Herbert Marcuse, considerado o ideólogo dessa metamorfose, deixa correr seu pensamento em sua “nova dimensão revolucionária”, propondo uma mudança total. Afirma com naturalidade ser necessária a desintegração do sistema de vida dos homens: “Pode-se sem dúvida falar de uma revolução cultural, pois o protesto se volta contra todo o establishment cultural, incluindo a moral da sociedade existente”.2

Embate entre o sagrado e o não sagrado

Essa transformação do modo cotidiano de sentir e de viver vem se desenvolvendo com maior intensidade nos últimos anos, modificando os hábitos do Ocidente. É a “libertação dos instintos”, é o relativismo moderno que nega a existência do bem e do mal, da verdade e do erro, do belo e do feio.

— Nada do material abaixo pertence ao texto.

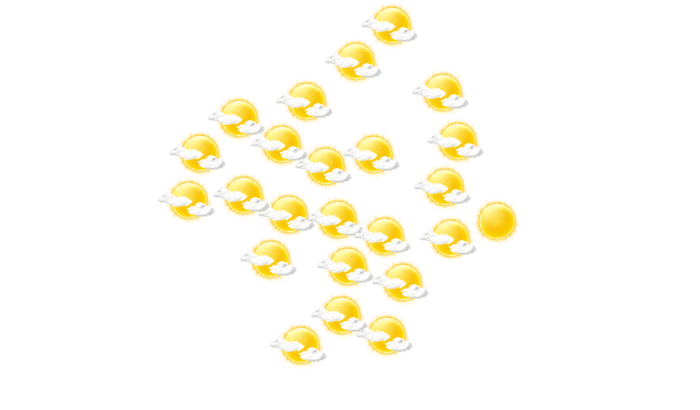 In Rusyanane ziehen morgens Wolkenfelder durch bei Temperaturen von 14°C. Darüber hinaus ist es vom Nachmittag bis abends wolkenlos bei Werten von 16 bis zu 26°C. In der Nacht ist es locker bewölkt bei Tiefsttemperaturen von 14°C.
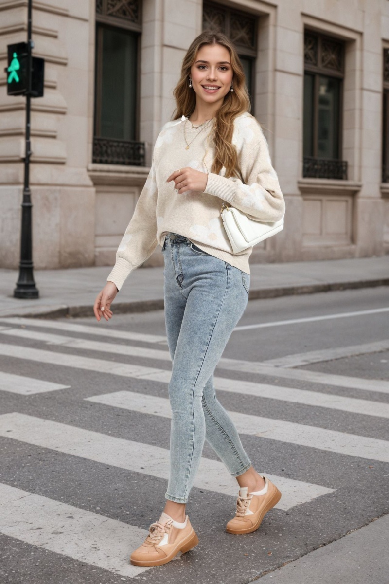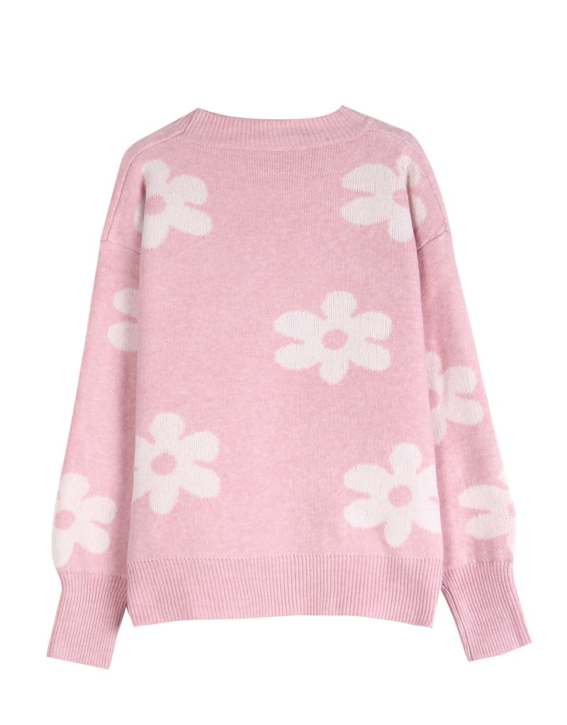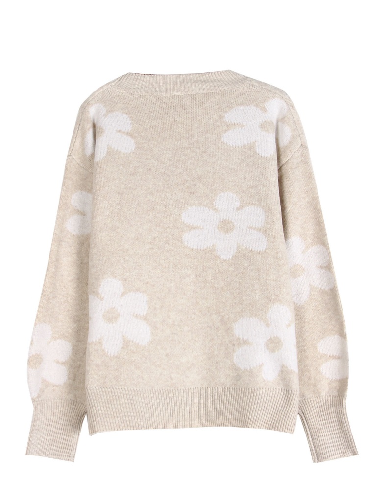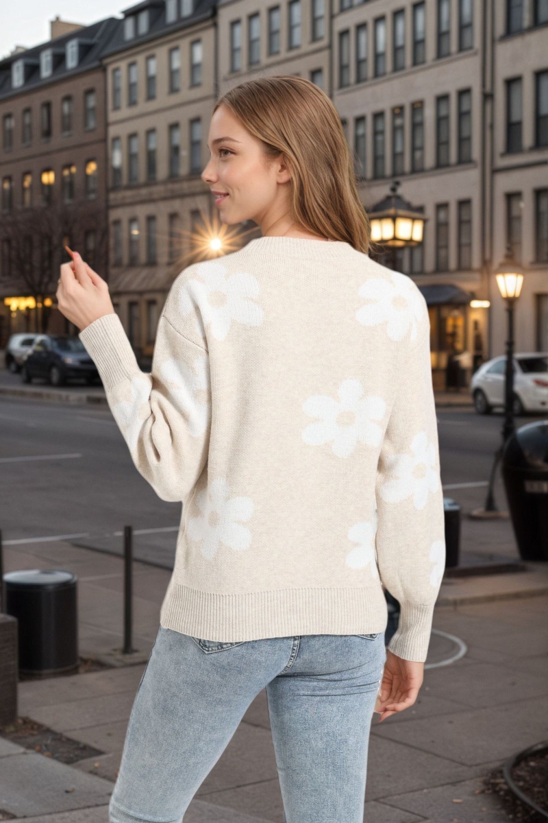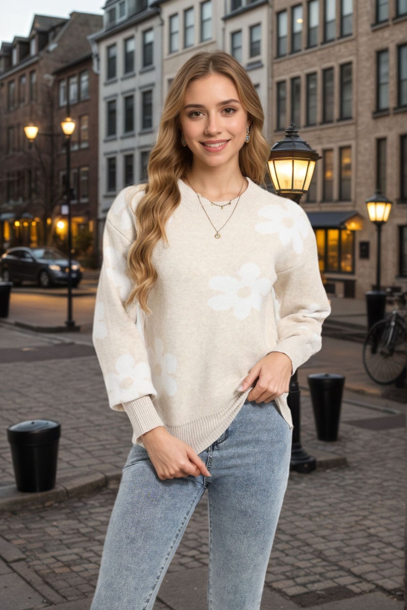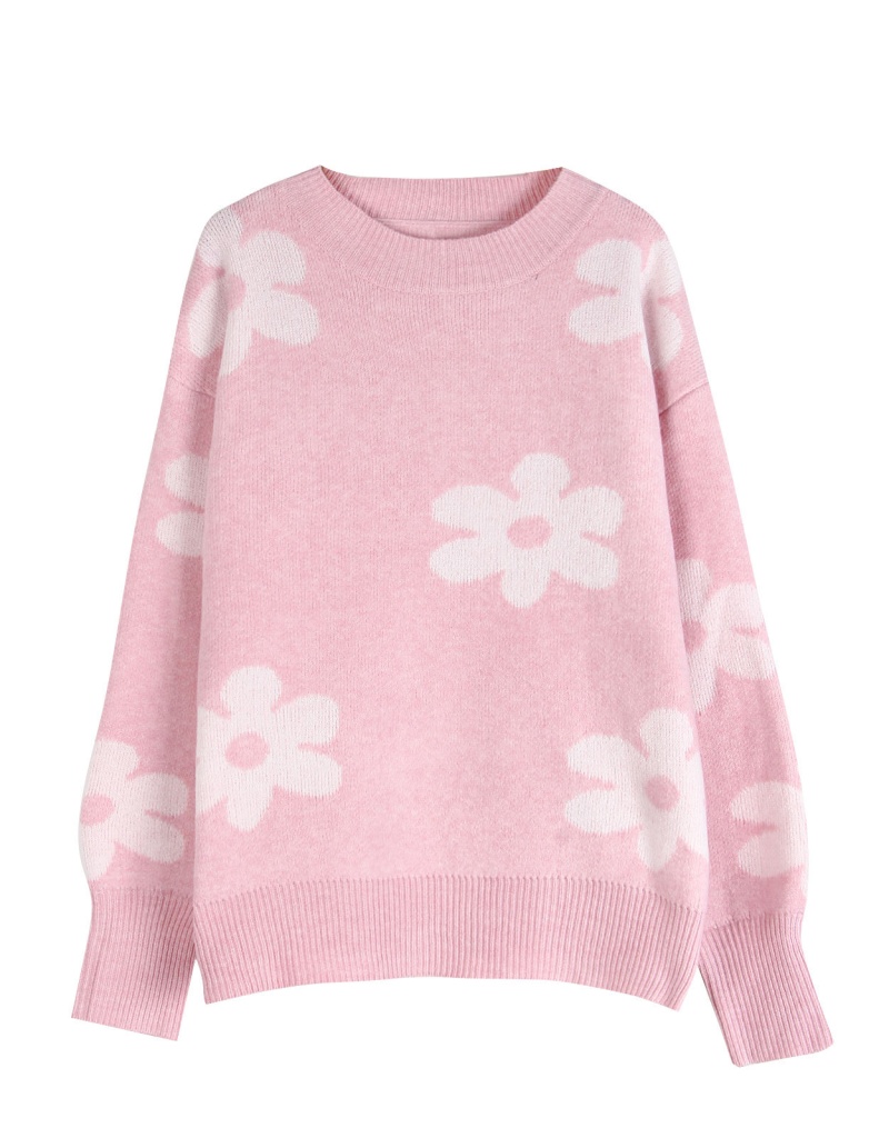 欧美秋冬新款针织衫上衣跨境宽松花朵提花圆领套头毛衣女装

Este fenômeno penetrou em vastos setores da sociedade, dessorando a instituição da família. As modas deslocam-se rapidamente da extravagância para o ­nudismo. Vão desaparecendo a cortesia, as boas maneiras, o respeito no relacionamento humano. As novas gerações se deparam com mundo anárquico, caótico e agressivo, onde o vulgar toma o lugar do cerimonioso. A educação parece ter por único fim difundir o espírito de “liberdade” apregoada pelos slogans da Sorbonne.

O surgimento dos meios eletrônicos de comunicação agrava ainda mais a situação. A enxurrada de novidades, impressões e sensações convidam muitas vezes ao desaparecimento do raciocínio. Aos responsáveis pelas comunicações sociais, afirmou João Paulo II: “As modernas tecnologias aumentam de maneira impressionante a velocidade, a quantidade e o alcance da comunicação, mas não favorecem de igual modo aquele intercâmbio frágil ­entre uma mente e outra, entre um coração e outro, que deve caracterizar qualquer forma de comunicação ao serviço da solidariedade e do amor”.3

Alvo de tantas solicitações, precisam os homens escolher entre caminhar rumo ao sagrado ou deixar-se atropelar pelo secularismo reinante. Em outros tempos – dizia Bento XVI -, tal situação seria impensável, “porque ainda estava presente o respeito pelo homem enquanto feito a imagem e semelhança de Deus; ora, sem esse respeito, o homem se considera a si mesmo absoluto e tudo lhe será permitido: torna-se assim realmente destruidor”.4

Neste embate entre o sagrado e o não sagrado, entre a luz e as trevas se encontra o mundo em nossos tristes dias. O que prevalecerá? (Revista Arautos do Evangelho, Setembro/2016, n. 177, pp. 22-23)

1 CORRÊA DE OLIVEIRA, Plinio. Revolução e Contra-Revolução. 5.ed. São Paulo: Retornarei, 2002, p.47-48.
2 MARCUSE, Herbert. La rebelión de París. In: La sociedad carnívora. Buenos Aires: Galerna, 1969, p.67.
3 SÃO JOÃO PAULO II. Carta Apostólica O rápido desenvolvimento, n.13.
4 BENTO XVI. Luce del mondo. Il Papa, la Chiesa e i segni dei tempi. Città del Vaticano: LEV, 2010, p.84.